My entire immediate family and the vast majority of my extended family is significantly overweight/obese. By contrast, I am mildly to moderately overweight (and I've recently given birth to my fourth child, so I cut myself a little slack). But I take responsibility for my weight. I know that if I don't, I will end up diabetic like my father and two of my three siblings (so far). I have a sibling who favors "convenience foods" when preparing meals and has an incurable Tim Horton's habit. Is it really because we fell into opposite ends of the gene pool, so to speak, that I am a healthier weight? Does that also explain why my children are all of normal weight while my sibling's child is obese?

In Wall-E, the reason given as to why the characters buzz about on floating lounge chairs like giant babies, is that over the generations spent in space, under the effects of diminished gravity, they have experienced bone loss. Even the ACTUAL babies on the ship are rotund and stubby (even for babies, lol). Of course there is some underlying commentary about consumerism and laziness, but I do not think that the main point of the movie was to draw a correllation between obesity and ecological irresponsibility. You will notice, if you watch the movie, that at one point the captain of the ship looks at the portraits of all of the previous captains.

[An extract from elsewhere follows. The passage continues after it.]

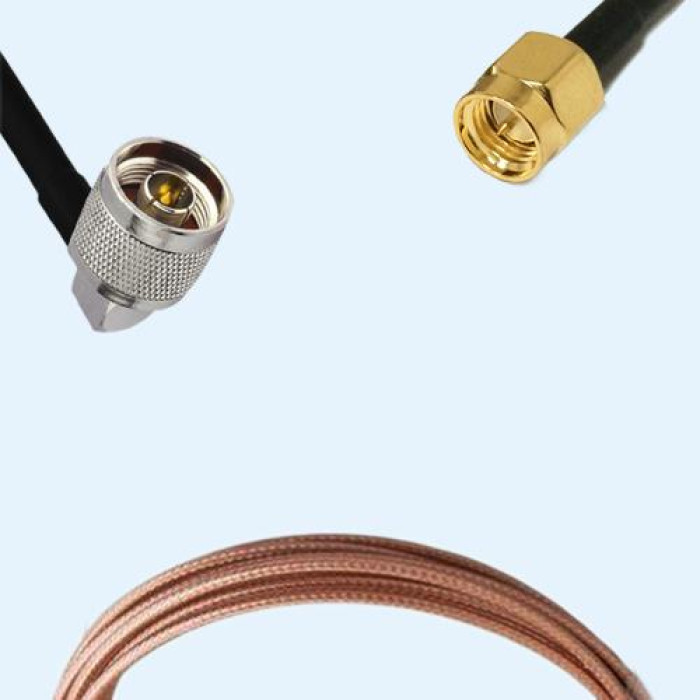 Low Loss Cable Assembly, N Male Right Angle to SMA Male 50 Ohm, RG316D Cable, Low VSWR.

The first captain was lean and able-bodied, even though by the point that he presumably took responsibility for the ship the earth had already evidently been all but destroyed by clutter and pollution. Clearly the cause of the ecological devastation was not attributed to obesity. Rather, obesity was the result of the artificial conditions on the ship.

To blame overweight on genetics and pooh-pooh the notion that we are responsible for how we treat our bodies, is just like blaming pollution, waste, and other ills of consumerism on "society" and forgetting that we belong to that society. In both cases, we contribute either to the problem, or to the solution, with our daily choices. And if that's the underlying message of "Wall-E" (a movie which my children naively thought was about the heroics of a couple of cute little robots, btw), then it's a worthy one.

Bottom line: If you're overweight and would rather find fault with your genetics, your lot in life, or a silly animated feature film than take responsibility for your own choices and live a longer, healthier life, that's your problem. It's certainly the least productive approach, but to each his own.

If you'd rather get over it and do something good for yourself, your kids, or- heck- the world you live in, then by all means, let's get to it!!